**WORK TASK**
Output only the lines below from the one holding "优点:对于在小数据集上有显著特征的相关对象,朴素贝叶斯方法可对其进行快速分类 5. 隐马尔可夫模型(Hidden" down to the one holding "利物浦3-0马赛全场数据:射门11-15,射正3-4,得分机会4-1", both end lines included and every picture dropped.

**ENTRIES SUPPLIED**
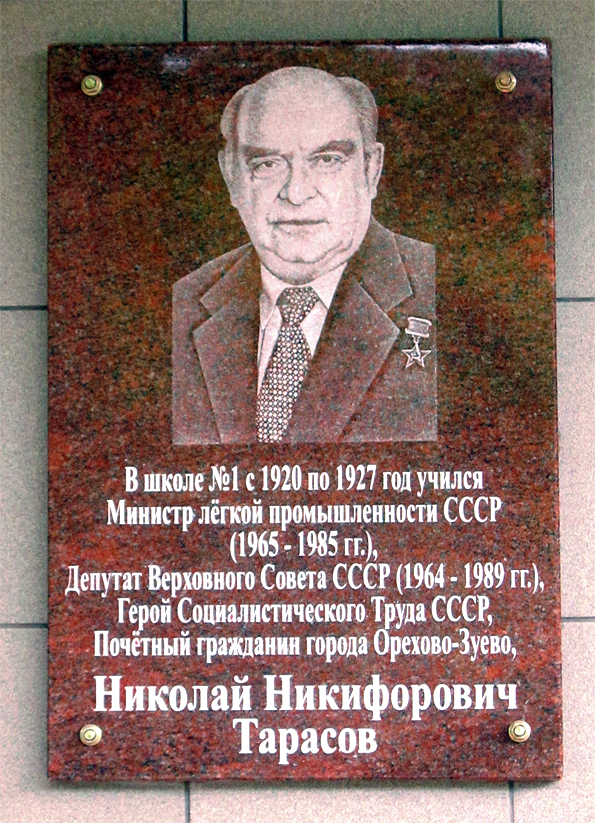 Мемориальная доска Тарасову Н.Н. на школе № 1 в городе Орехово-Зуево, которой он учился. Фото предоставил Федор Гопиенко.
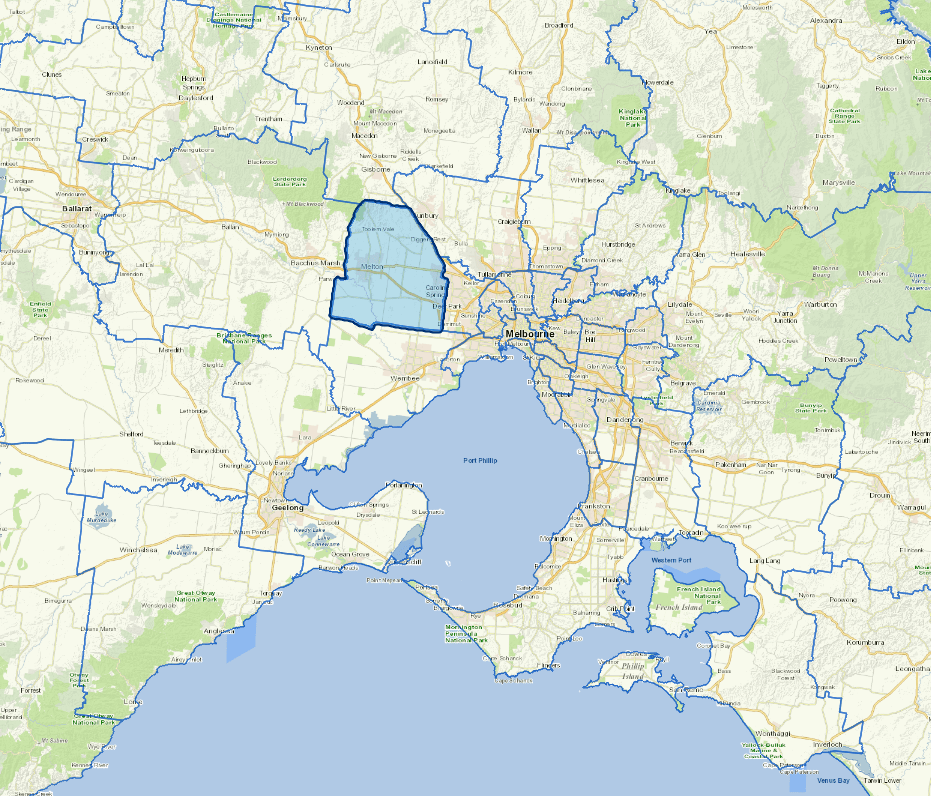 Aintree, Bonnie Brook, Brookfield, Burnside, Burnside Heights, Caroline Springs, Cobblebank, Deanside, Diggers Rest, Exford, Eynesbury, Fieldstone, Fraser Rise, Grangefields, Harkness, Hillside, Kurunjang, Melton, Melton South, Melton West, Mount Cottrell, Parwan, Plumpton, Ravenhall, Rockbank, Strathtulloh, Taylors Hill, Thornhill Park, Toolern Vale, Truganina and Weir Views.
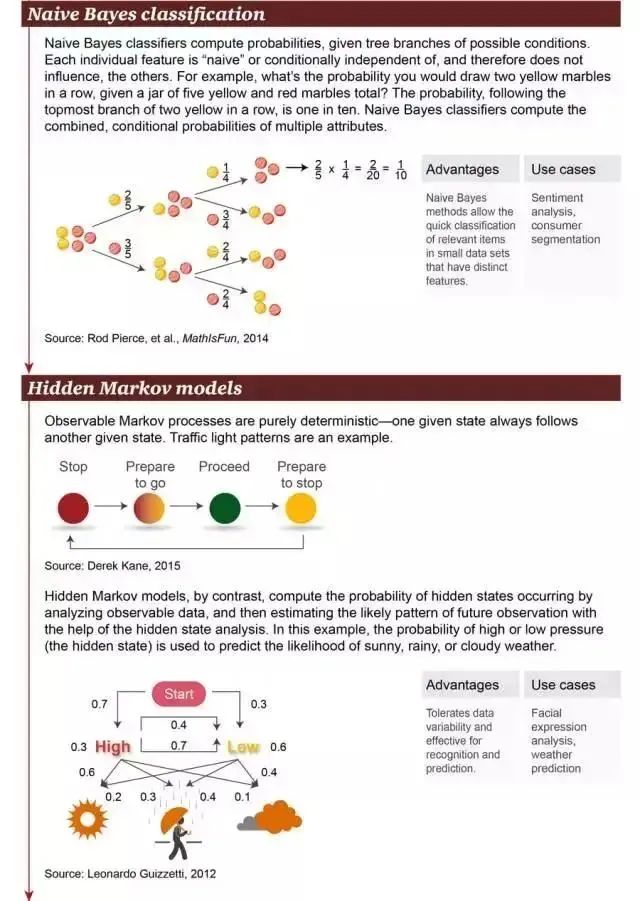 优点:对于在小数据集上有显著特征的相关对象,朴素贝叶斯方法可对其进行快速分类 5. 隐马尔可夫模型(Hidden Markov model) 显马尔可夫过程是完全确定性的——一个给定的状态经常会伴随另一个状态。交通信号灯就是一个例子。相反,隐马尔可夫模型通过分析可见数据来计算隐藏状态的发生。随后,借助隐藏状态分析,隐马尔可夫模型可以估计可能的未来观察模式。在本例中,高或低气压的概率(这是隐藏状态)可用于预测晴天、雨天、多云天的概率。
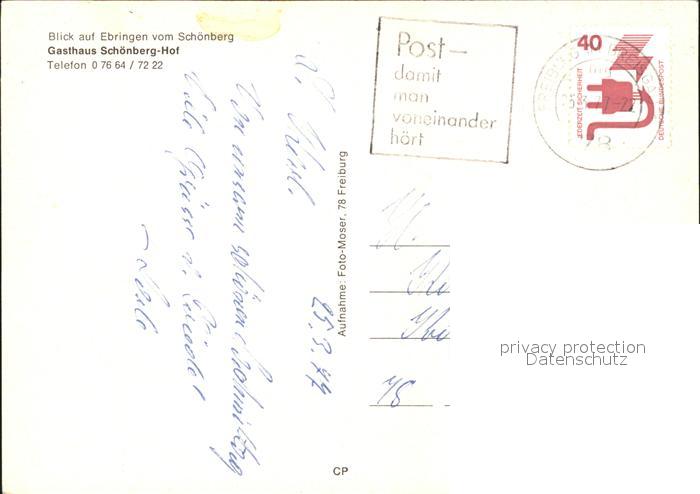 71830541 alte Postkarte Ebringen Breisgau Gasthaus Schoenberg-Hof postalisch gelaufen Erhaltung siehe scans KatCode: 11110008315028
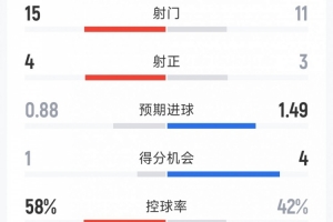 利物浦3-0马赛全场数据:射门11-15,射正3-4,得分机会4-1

--

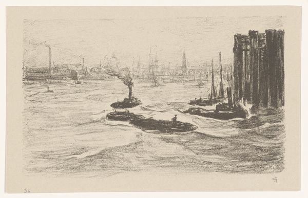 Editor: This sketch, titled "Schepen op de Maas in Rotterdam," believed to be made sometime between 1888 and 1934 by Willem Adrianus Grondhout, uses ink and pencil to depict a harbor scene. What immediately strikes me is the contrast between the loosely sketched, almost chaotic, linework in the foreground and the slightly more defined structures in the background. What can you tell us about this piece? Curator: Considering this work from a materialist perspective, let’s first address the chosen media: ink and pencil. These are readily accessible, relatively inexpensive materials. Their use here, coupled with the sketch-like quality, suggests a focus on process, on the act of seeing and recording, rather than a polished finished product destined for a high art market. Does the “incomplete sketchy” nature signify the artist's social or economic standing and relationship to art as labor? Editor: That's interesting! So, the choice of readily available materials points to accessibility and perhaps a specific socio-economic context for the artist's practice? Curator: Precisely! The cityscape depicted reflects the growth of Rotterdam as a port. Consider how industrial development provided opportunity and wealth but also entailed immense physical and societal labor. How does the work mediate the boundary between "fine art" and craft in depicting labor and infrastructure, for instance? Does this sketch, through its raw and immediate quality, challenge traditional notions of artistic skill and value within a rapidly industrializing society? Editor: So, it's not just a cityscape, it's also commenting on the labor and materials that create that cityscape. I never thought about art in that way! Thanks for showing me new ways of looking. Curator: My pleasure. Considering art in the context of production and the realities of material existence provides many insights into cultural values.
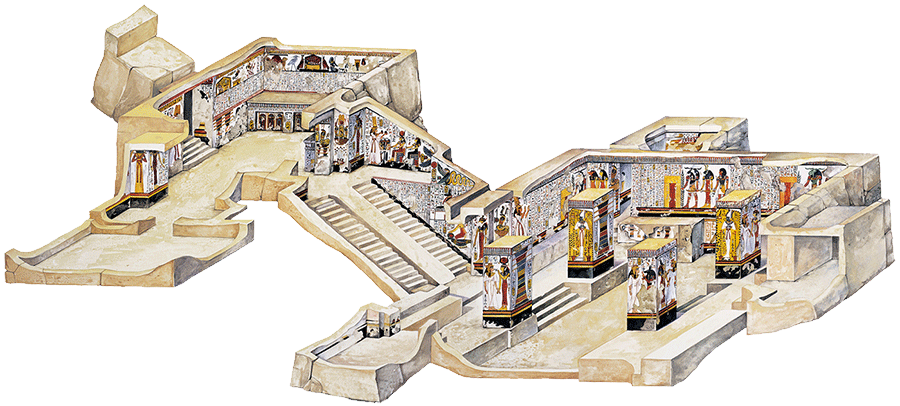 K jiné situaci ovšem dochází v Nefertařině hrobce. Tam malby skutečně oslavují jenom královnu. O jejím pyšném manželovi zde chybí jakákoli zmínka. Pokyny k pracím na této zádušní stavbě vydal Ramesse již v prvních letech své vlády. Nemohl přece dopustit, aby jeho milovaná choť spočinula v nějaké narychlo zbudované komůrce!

...

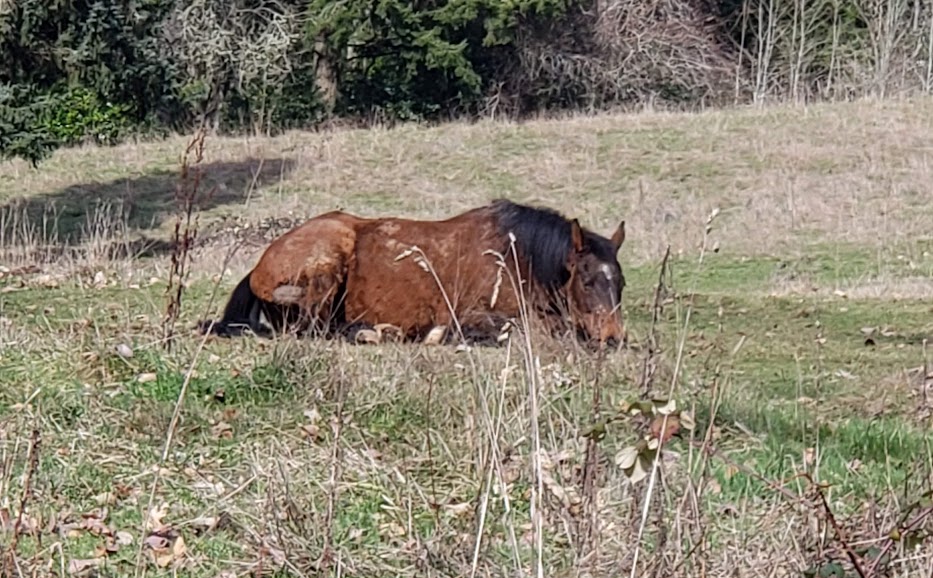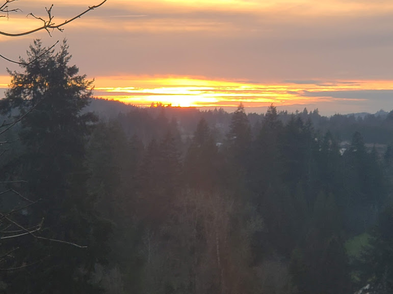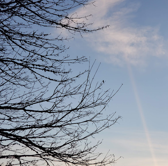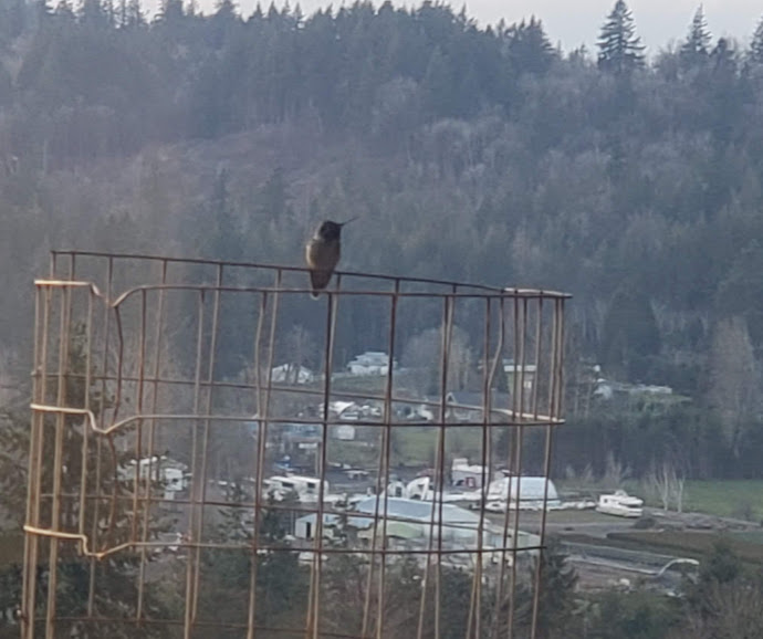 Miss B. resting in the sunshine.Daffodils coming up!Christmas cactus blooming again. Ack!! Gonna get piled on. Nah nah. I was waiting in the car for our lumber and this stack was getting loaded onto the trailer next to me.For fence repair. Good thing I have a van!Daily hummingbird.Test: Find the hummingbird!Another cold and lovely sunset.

**RESULT**
 优点:对于在小数据集上有显著特征的相关对象,朴素贝叶斯方法可对其进行快速分类 5. 隐马尔可夫模型(Hidden Markov model) 显马尔可夫过程是完全确定性的——一个给定的状态经常会伴随另一个状态。交通信号灯就是一个例子。相反,隐马尔可夫模型通过分析可见数据来计算隐藏状态的发生。随后,借助隐藏状态分析,隐马尔可夫模型可以估计可能的未来观察模式。在本例中,高或低气压的概率(这是隐藏状态)可用于预测晴天、雨天、多云天的概率。
 71830541 alte Postkarte Ebringen Breisgau Gasthaus Schoenberg-Hof postalisch gelaufen Erhaltung siehe scans KatCode: 11110008315028
 利物浦3-0马赛全场数据:射门11-15,射正3-4,得分机会4-1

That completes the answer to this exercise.